In the middle of 1971, some friends of mine who were a few years older decided that they wanted to hold a rally for Soviet Jews in Madison Square Garden, the biggest auditorium in New York City, with 20,000 seats. Nobody told my friend that they'd be crazy to try it. They wanted to do it, so we said fine, let's do it. So these people borrowed money to rent Madison Square Garden. At that point, the New York Conference on Soviet Jewry was being formed, and we wanted the "teudat hechsher" of the Jewish establishment. So we got them to use their name as a co-sponsor. But my friends who live near us are the ones who really put the event together. They worked from their kitchen table for a half year while holding their own jobs. The husband, Azriel Genack, was a physicist and his wife Ahuva a university math instructor. But every night, except for Shabbat and holidays, their kitchen table would become the central office to organize the rally. The rally was really a grassroots effort. Two weeks before the rally you couldn't even get a seat, for which you paid five, fifteen or twenty dollars.

Different politicians participated, including Senator "Scoop" Jackson and then-Congressman Gerald Ford. Ford became Vice-President of the US, then President when Nixon resigned, and ended up signing the Jackson-Vanik amendment into law, very reluctantly. It's interesting that these two political leaders "met" when they both spoke at the Soviet Jewry rally at Madison Square Garden in December, Chanukah, 1971.

The highlight of our rally was Ruthie Alexandrovich from Riga. Ruthie was among those arrested and sentence during the Leningrad Trials. By the end of 1971 she'd already been released, and went to Israel, and came with her mother Rivka to our rally. Ruthie was the living proof that if you yelled and screamed enough and made a tumult, put pressure on Congress and the Kremlin and White House, you could get someone out from the Gulag.

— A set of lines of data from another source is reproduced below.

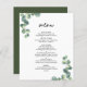 Das Rustikale Botanische Eukalyptus Greenery Wedding Menu ist ein wunderschön gestaltetes Stück, das rustikale, waldbedeckte oder gartenbezogene Hochzeiten perfekt ergänzt. Die Speisekarte mit sanfter Eukalyptusgrün und einer gepflegten, modernen Einrichtung verleiht Ihrem Empfang eine Touch natürlicher Eleganz. Seine erdigen Töne und das botanische Design schaffen eine ruhige und einladende Atmosphäre, ideal für Paare, die die inspirierten Details der Natur schätzen. Auf Zazzle können Sie ganz einfach Ihre eigenen Speisen zubereiten, was es zu einer praktischen und stilvollen Ergänzung Ihrer Hochzeitsdekoration macht, die die Gäste bewundern werden.
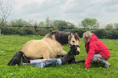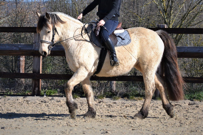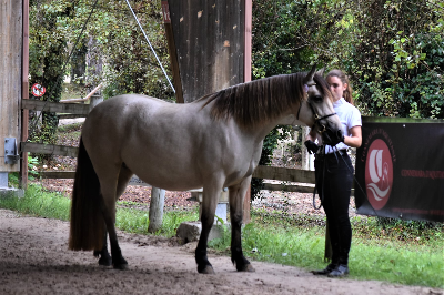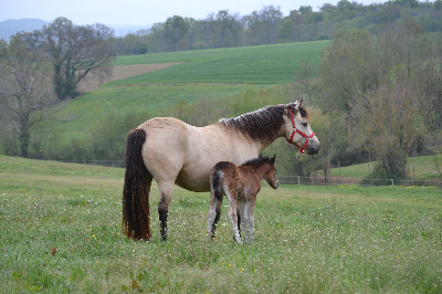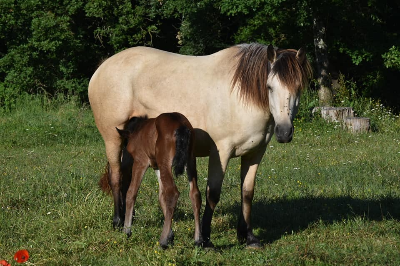 : Pouliniere avec du l'os, profondeur, elle se deplace bien, correct, excellent mere qui pouline facilement, super temperament, facile au soins, debourree. Monte dans le van et voyage bien.
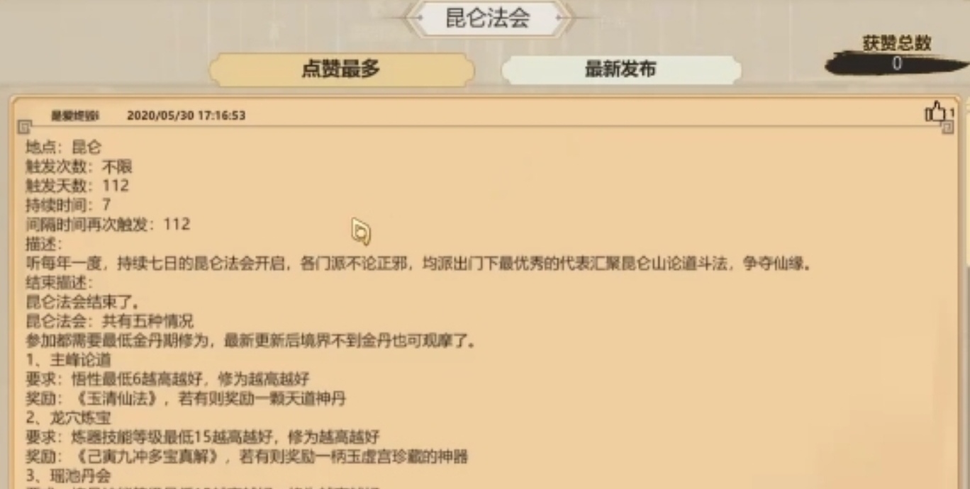 最后是仙剑令,地点在蜀山,触发次数只有1次,天数88天,可以持续时间58,蜀山如果收回仙剑令,十七名的余孽将会被收服,会给玩家重谢奖励。还有魔教行踪事件,地点发生在中原,触发次数1次,持续时间4天,只要玩家将魔教修炼者制服可以获得大量奖励。

Another important moment in the American Soviet Jewry movement was the creation of the Union of Councils for Soviet Jews in 1970. It was a confederation of independent and semi-independent local, grassroots, adult Soviet Jewry groups. Some of these groups began early on, such as Lou Rosenblum's Cleveland Council on Soviet Anti-Semitism, which preceded SSSJ in 1963. Hal Light began activity in San Francisco in the late 1960s with encouragement from SSSJ. When Lenore and I drove around the country giving speeches on Soviet Jewry during the summer of 1971, we ended up in San Francisco. I remember visiting Hal in his office, talking and encouraging him. We also went to Si Frumkin's house in Los Angeles to meet with him. Enid Wurtman's group in Philadelphia was semi-independent, one foot in the Jewish federation and the other foot out. And we in SSSJ just continued to do what we were doing.

Let's go back again for some historical background. Another big thing for us in SSSJ was the "milchemet sheshet hayamim", Six Day War, in 1967. Not only did it create a psychological change in American Jewish students, but created a change in the Soviet Union as well. It created the pressure that led to letters and appeals and demonstrations.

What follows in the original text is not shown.